### DIRECTIONS
An exact copy of the lines, starting at the top of the listing and ending with the line that has "- A warning", is the required answer. Pictures are not part of it.

### PROVIDED ENTRIES
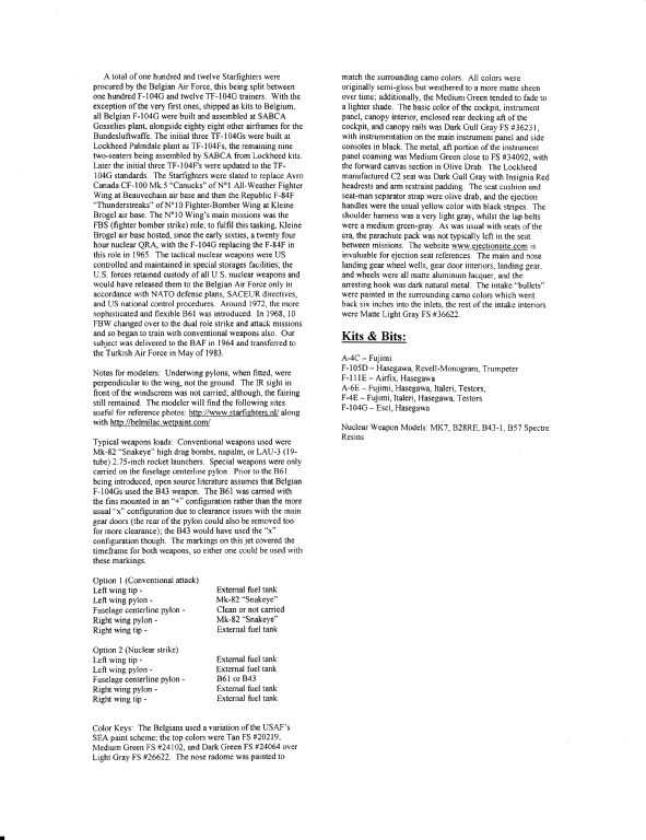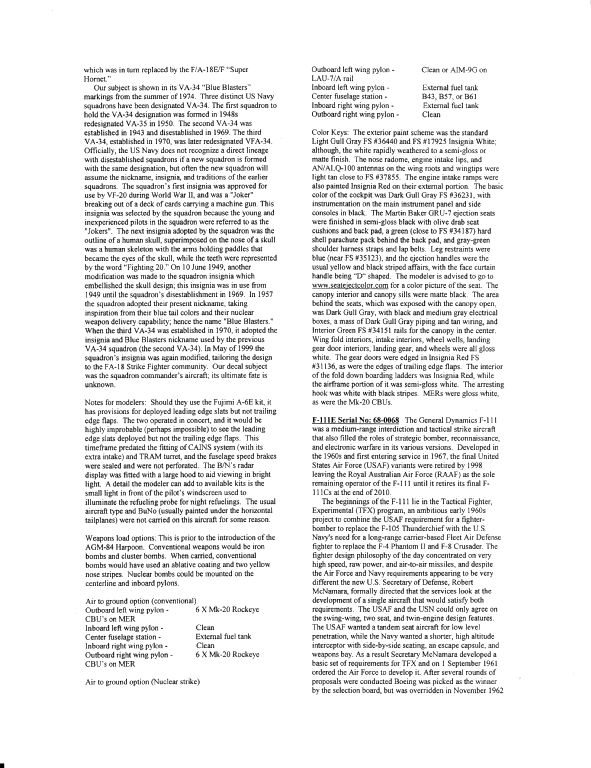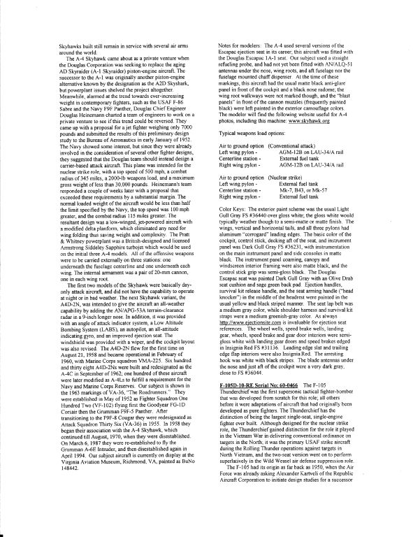 The sheet is printed by Fantasy Printshop, the decal film itself is thin and there is very little overlap of film. As is usual for Wolfpak, the instructions comprise a full colour front sheet with a side view of each aircraft, black & white color schemes and a detailed history of each type with specific information for modellers, including changes needed to the available kits, color call-outs and weapons loadouts.
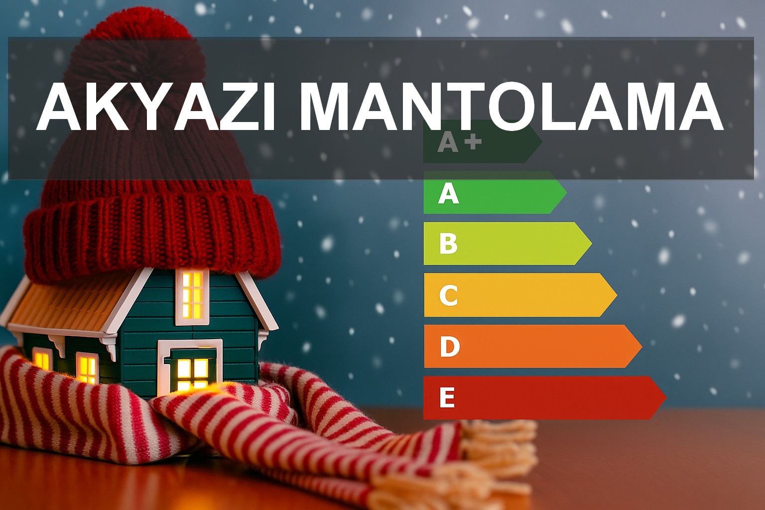 Resim: Dış cephe yalıtımı ile enerji verimliliği ve yasal düzenlemelerin simgeleri. Kanunen dış cephe yalıtımı zorunlu hale getirilmiştir. 2000 yılında yürürlüğe giren “Binalarda Isı Yalıtım Yönetmeliği” ile binalara mantolama yapma zorunluluğu getirilmiştir. 2008’de ise “Binalarda Enerji Performansı Yönetmeliği” devreye alınmış ve yeni yapılarda enerji kimlik belgesi alınabilmesi için en az “C” sınıfı enerji verimliliği şartı aranmaktadır. Buna göre mantolama yapılmamış bir binanın enerji kimlik belgesi alması mümkün değildir. Dolayısıyla mantolama, hem ekonomik avantaj hem de yasal bir gerekliliktir.
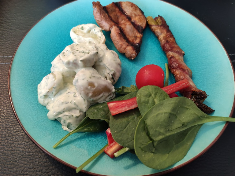 Creme fraîche, mayonnaise, de grønne urter og sennep røres godt sammen.
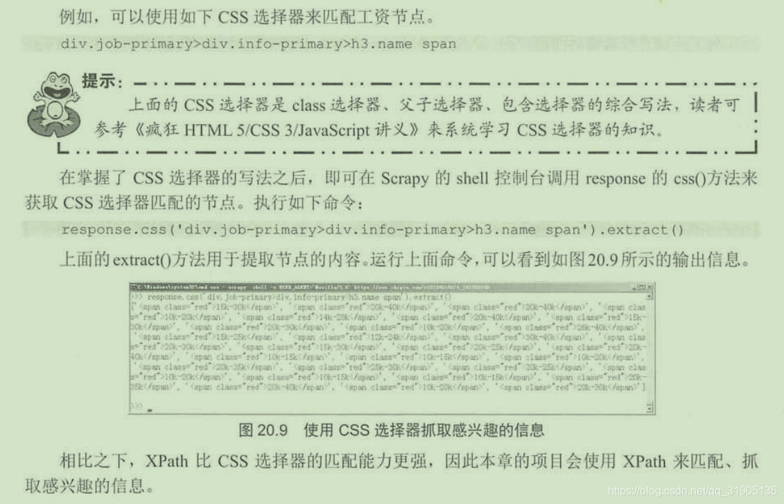 - 使用某种技术(如正则表达式,XPath等)提取页面中我们感兴趣的信息
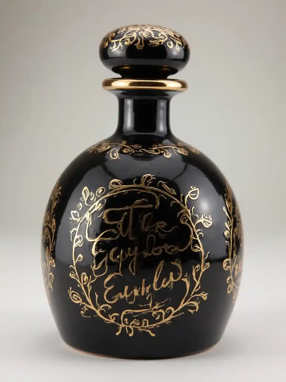 chupa ya tequila extra añejo, hecha de cerámica negra, na maelezo ya dhahabu
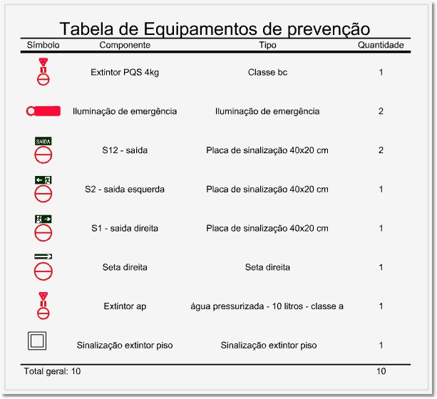 - Para criar as tabelas de quantidades e legenda de Prevenção contra incêndios:
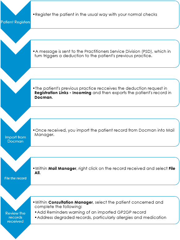 - A warning that it is a GP2GP record and therefore may not conform to your practice protocols.
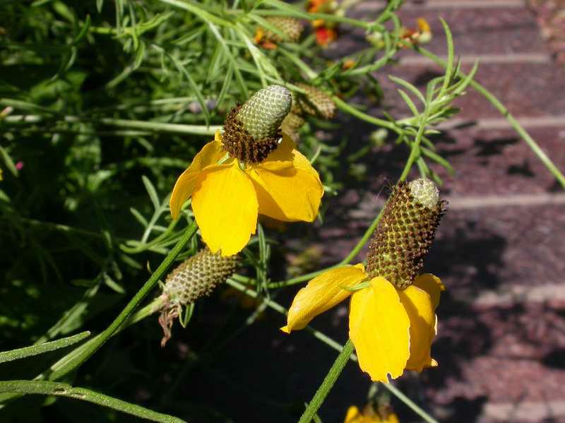 Ratibida columnifera, commonly called long-headed coneflower or prairie coneflower, is an erect, hairy, clump-forming plant that typically grows to 1-3’ tall. It ranges from Alberta to Minnesota south to Arkansas, New Mexico and Mexico. It is most common on the Great Plains. In Missouri, it is uncommonly found in prairies, waste ground and along railroads and highways (Steyermark). This is an aster family member that is perhaps most noted for the long, cylindrical, center disk of each flower and its deeply cut leaves.. Flowers bloom in summer. Each flower features a long narrow center disk (cone to 2” long) with 3-7 drooping yellow rays at the base. Leaves (to 5” long) are pinnately lobed. Ray flowers of R. columnifera forma columnifera are yellow, but the rays of the less common R. columnifera forma pulcherrima are brownish purple. Cylindrical center disks are dark brown and somewhat resemble in shape the crown of a slender sombrero, hence the additional common name of Mexican hat.

### OUTPUT
 The sheet is printed by Fantasy Printshop, the decal film itself is thin and there is very little overlap of film. As is usual for Wolfpak, the instructions comprise a full colour front sheet with a side view of each aircraft, black & white color schemes and a detailed history of each type with specific information for modellers, including changes needed to the available kits, color call-outs and weapons loadouts.
 Resim: Dış cephe yalıtımı ile enerji verimliliği ve yasal düzenlemelerin simgeleri. Kanunen dış cephe yalıtımı zorunlu hale getirilmiştir. 2000 yılında yürürlüğe giren “Binalarda Isı Yalıtım Yönetmeliği” ile binalara mantolama yapma zorunluluğu getirilmiştir. 2008’de ise “Binalarda Enerji Performansı Yönetmeliği” devreye alınmış ve yeni yapılarda enerji kimlik belgesi alınabilmesi için en az “C” sınıfı enerji verimliliği şartı aranmaktadır. Buna göre mantolama yapılmamış bir binanın enerji kimlik belgesi alması mümkün değildir. Dolayısıyla mantolama, hem ekonomik avantaj hem de yasal bir gerekliliktir.
 Creme fraîche, mayonnaise, de grønne urter og sennep røres godt sammen.
 - 使用某种技术(如正则表达式,XPath等)提取页面中我们感兴趣的信息
 chupa ya tequila extra añejo, hecha de cerámica negra, na maelezo ya dhahabu
 - Para criar as tabelas de quantidades e legenda de Prevenção contra incêndios:
 - A warning that it is a GP2GP record and therefore may not conform to your practice protocols.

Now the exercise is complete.